**EXERCISE REQUIREMENTS**
Using the listing below, please print exactly the lines from the one with "1:HPLC测定。色谱条件:色谱柱Kro" through the one with "纵观CPU指令集的发展史,新指令集的 产生不会废除原有的指令集。指令集的 发展是采用叠加的方式进行的,以保证". Leave out every picture.

**MATERIAL FOR THIS EXERCISE**
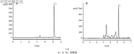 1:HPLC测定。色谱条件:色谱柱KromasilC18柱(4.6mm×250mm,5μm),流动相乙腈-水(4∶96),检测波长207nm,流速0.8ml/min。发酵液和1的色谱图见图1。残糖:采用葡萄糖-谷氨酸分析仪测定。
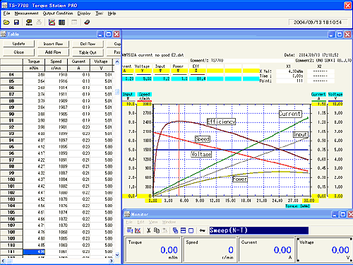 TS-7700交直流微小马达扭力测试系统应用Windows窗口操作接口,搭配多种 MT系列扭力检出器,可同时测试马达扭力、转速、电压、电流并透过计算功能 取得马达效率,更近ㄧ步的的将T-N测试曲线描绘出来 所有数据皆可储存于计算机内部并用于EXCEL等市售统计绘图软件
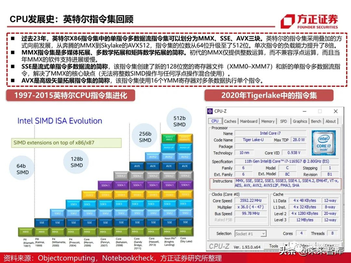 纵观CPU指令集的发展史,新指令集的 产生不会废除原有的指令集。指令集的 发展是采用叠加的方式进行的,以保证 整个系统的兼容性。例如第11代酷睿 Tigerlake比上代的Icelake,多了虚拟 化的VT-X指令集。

---

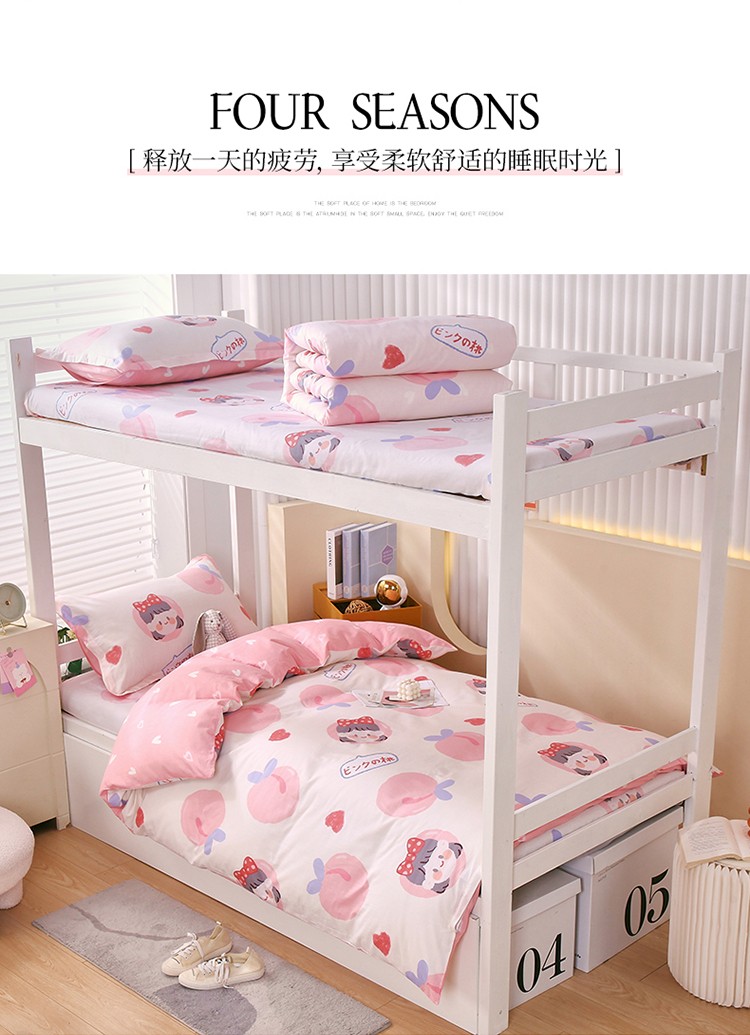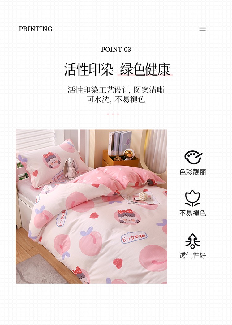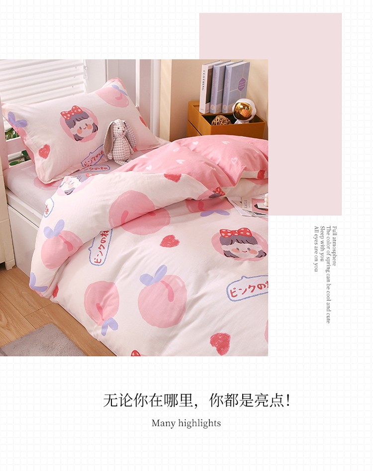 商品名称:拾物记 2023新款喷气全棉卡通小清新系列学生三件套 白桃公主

**EXERCISE SOLUTION**
 1:HPLC测定。色谱条件:色谱柱KromasilC18柱(4.6mm×250mm,5μm),流动相乙腈-水(4∶96),检测波长207nm,流速0.8ml/min。发酵液和1的色谱图见图1。残糖:采用葡萄糖-谷氨酸分析仪测定。
 TS-7700交直流微小马达扭力测试系统应用Windows窗口操作接口,搭配多种 MT系列扭力检出器,可同时测试马达扭力、转速、电压、电流并透过计算功能 取得马达效率,更近ㄧ步的的将T-N测试曲线描绘出来 所有数据皆可储存于计算机内部并用于EXCEL等市售统计绘图软件
 纵观CPU指令集的发展史,新指令集的 产生不会废除原有的指令集。指令集的 发展是采用叠加的方式进行的,以保证 整个系统的兼容性。例如第11代酷睿 Tigerlake比上代的Icelake,多了虚拟 化的VT-X指令集。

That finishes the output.